Overview

IACCM CONTRACTING PRINCIPLES
Intellectual Property Rights and Indemnification for Third Party IP Claims

IACCM

1. General Concepts

  • Intellectual property owned by a party remains that party’s property unless expressly transferred under the contract.
  • A party’s use of and rights to another party’s intellectual property must be expressly specified in the contract.
  • Where services are provided by a supplier, the focus of the contract with the customer should be on the services and not on the intellectual property of the underlying components that are used in the provision of the services.
  • The supplier should stand behind all intellectual property incorporated into the services and indemnify the customer against third party claims that relate to the services and any elements thereof, subject to appropriate limitations (see below).

2.  IACCM Contracting Principles

2.1. Intellectual Property Rights

  • Each party owns the intellectual property it creates before, during and after the contract term, except as may be specifically provided in a contract or an attachment thereto.
  • As between the parties to a contract, the party furnishing information or materials to the other retains its intellectual property rights in such information or materials, subject to any license rights that are granted by the furnishing party (or by a third-party licensor).  Generally, where services do not contemplate software development, “work-for-hire” and similar provisions allocating ownership rights are not applicable.
  • The customer should have the right to use the supplier’s intellectual property as necessary to use the services for the customer’s business needs throughout the duration of the contract.
  • In circumstances where broader (or longer duration) license terms (e.g., to software or customer-specific deliverables) are appropriate, those rights should be specifically provided in the contract.
  • As to customized unique content (such as a custom software application) that is developed for a customer's sole use in accordance with the customer's specifications, a provision granting the customer ownership or exclusive use of such content may be appropriate if the supplier is not retaining the right to re-use the content for other customers.
  • Third-party software, services, and equipment are provided subject to the third party’s license terms.

2.2. Intellectual Property Infringement

  • The supplier should be responsible for defending and paying/settling any third-party claim against the customer alleging that the supplier’s services or products infringe the third party’s intellectual property rights in any country in which the service or product is provided or where the services/deliverables are intended to be used.

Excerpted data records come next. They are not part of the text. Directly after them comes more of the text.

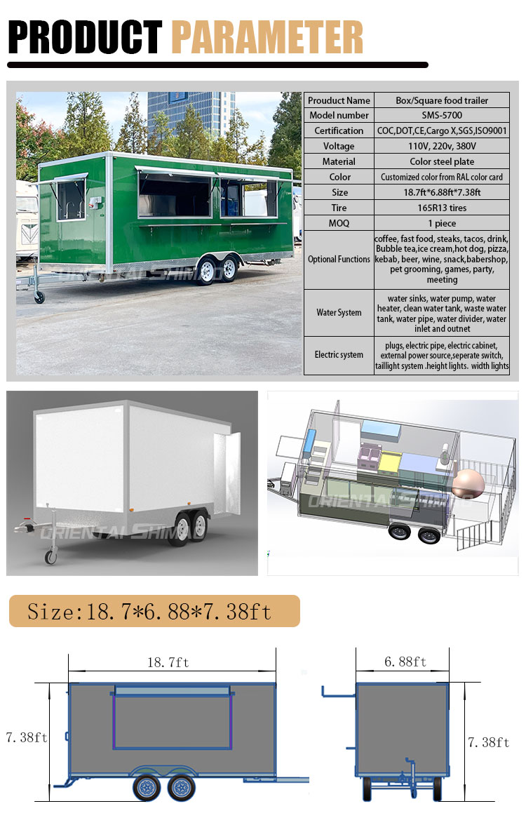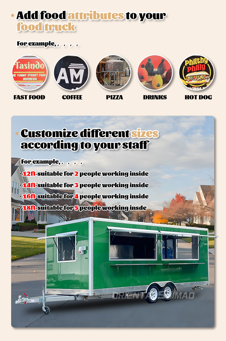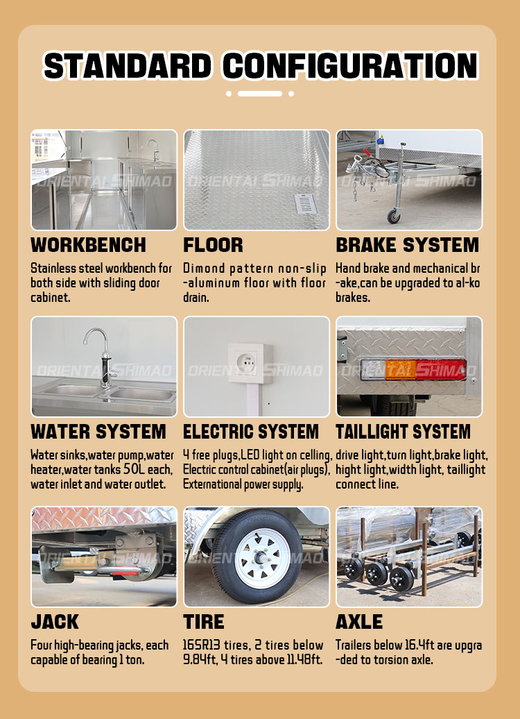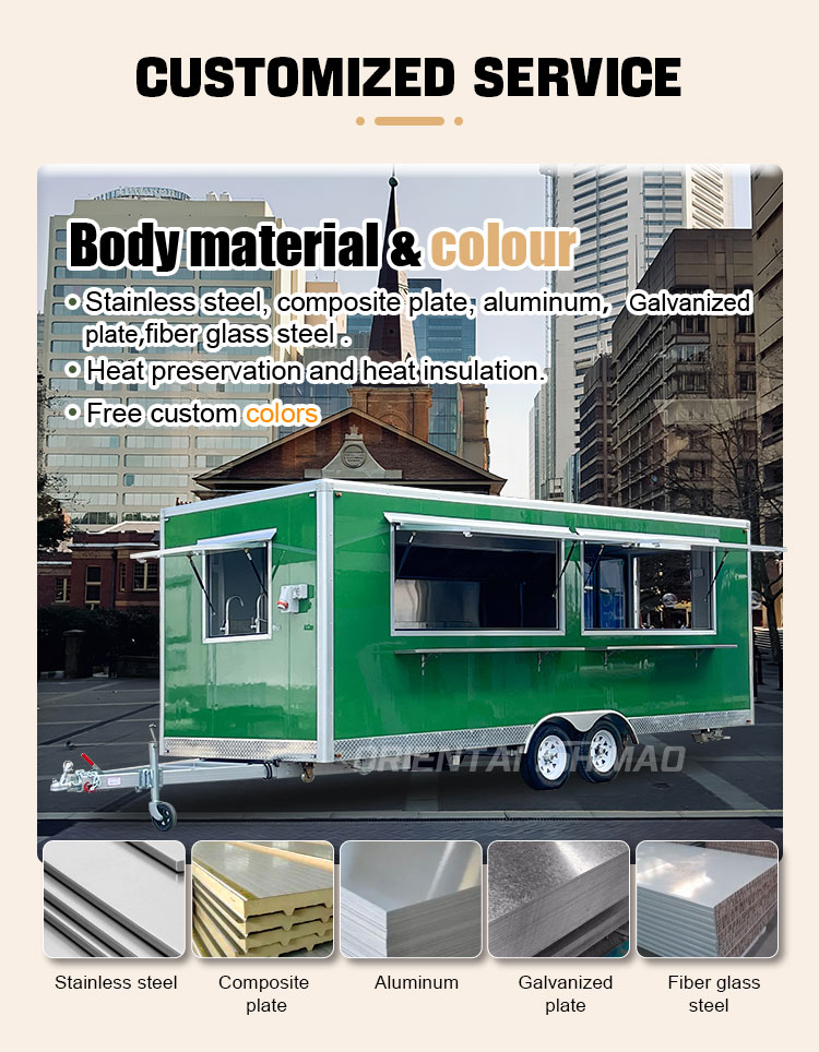 Zusätzliche Funktionen: Fügen Sie je nach Kundenwunsch weitere Zusatzfunktionen hinzu, z. B. Kühlung und Frischhaltung, Heizung und Wärmekonservierung, Wasserdichtigkeit und Anti-Elektrizität usw., um die Praktikabilität und Sicherheit des Imbisswagens zu verbessern.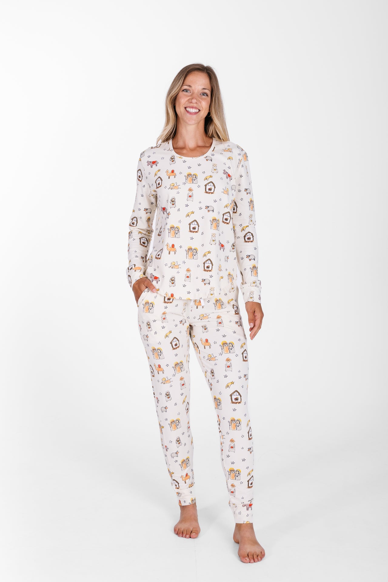 One of the most meaningful ways to celebrate Christmas is by wrapping your family in the story of Jesus’ birth. Our Women’s Away in a Manger Jogger Set was created to help you do just that—bringing Christ to the center of your traditions, while keeping you cozy and stylish through the season. Perfectly matched to the men’s, kids’, baby, and even pet pajamas, this set helps create unforgettable moments of joyful connection.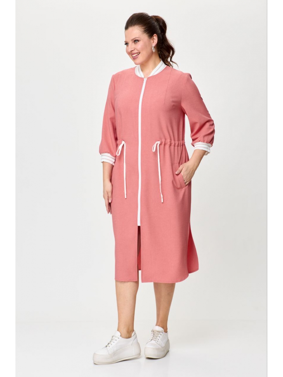 Платье полуприлегающего силуэта, прилегание за счет кулиски по талии. На деталях переда обработаны прорезные карманы с листочкой. Застежка на тесьму-молнию. Горловина круглой формы, воротник-стойка из довяза. Рукав длиной 7/8 с декоративным манжетом и довяза. По боковым швам разрезы. Длина платья по спинке – 113 см (±3 см). Длина рукава - 48 см. Рост модели на фото 170 см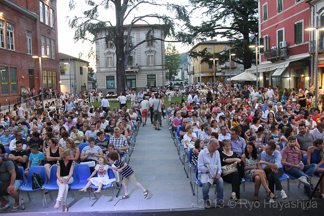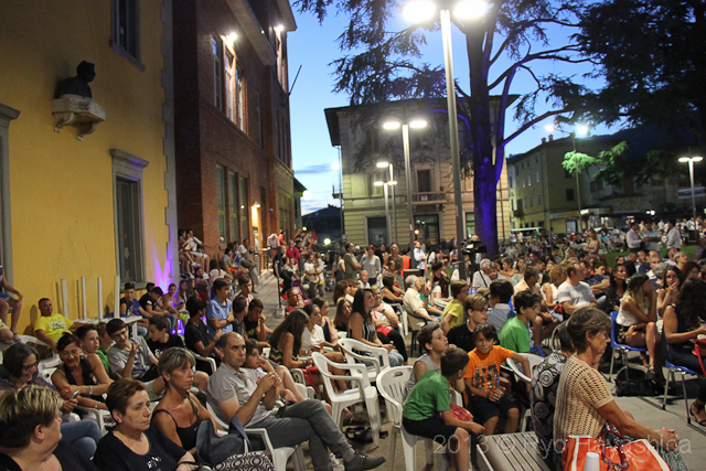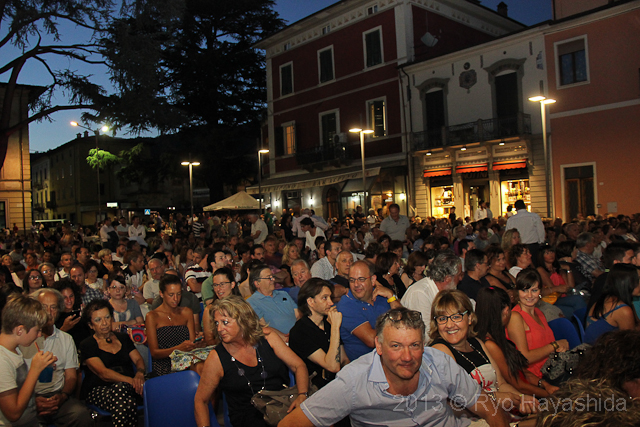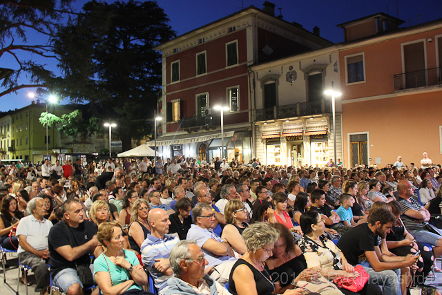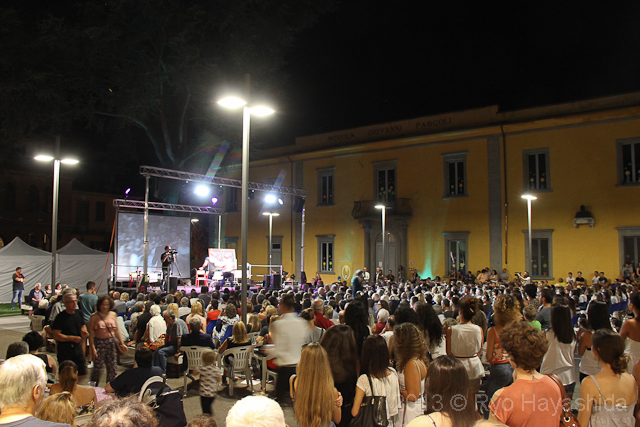 Il tutto di fronte ad una piazza Pascoli che così non si era mai vista, completamente gremita di pubblico a riempire le 300 sedie della platea, ma anche tutti i tavoli allestiti dai locali della zona lungo via Mordini e Largo Roma; e pure ogni spazio disponibile nel perimetro della piazza.

The supplier should not be responsible to the extent an infringement claim arises from the following ("Excluded Claims"):
    • combination of the supplier’s service or product with items provided by the customer or others not under the supplier’s control;
    • modification to the supplier’s service or product by someone other than the supplier or others not under the supplier’s control;
    • the supplier’s adherence to the customer’s requirements;
    • the customer’s content; or
    • use of the service by the customer in breach of contract restrictions or in violation of law.
  • The customer should be responsible to defend and pay/settle any third-party claim against the supplier for Excluded Claims.
  • The obligation to indemnify for third party infringement claims should not be subject to any limitation of liability cap.  
  • The indemnified party should have the obligation to promptly notify the indemnifying party of any such claims, and the indemnified party will not be responsible for any losses attributable to a notification delay.
  • The indemnification of third-party claims is sufficient to protect the customer, and therefore, the supplier should not be expected to provide a warranty or representation that its services or products do not infringe third party intellectual property rights.
  • If the supplier’s service or product infringes a third party’s IP (or is subject to a claim of infringement), the supplier may:
    • obtain from the third party the right for the customer to continue its use of the service or product;
    • modify the service or product so it is not infringing without materially reducing the functionality or performance of the service; o
    • substitute another service or product having substantially the same functionality and performance criteria.
  • If the supplier is unable to implement any of these measures through commercially reasonable efforts, the supplier may cease providing the service or accept a return of the product that is subject to the third party claim and refund any prepaid charges or refund the current market value of the product, as the case may be.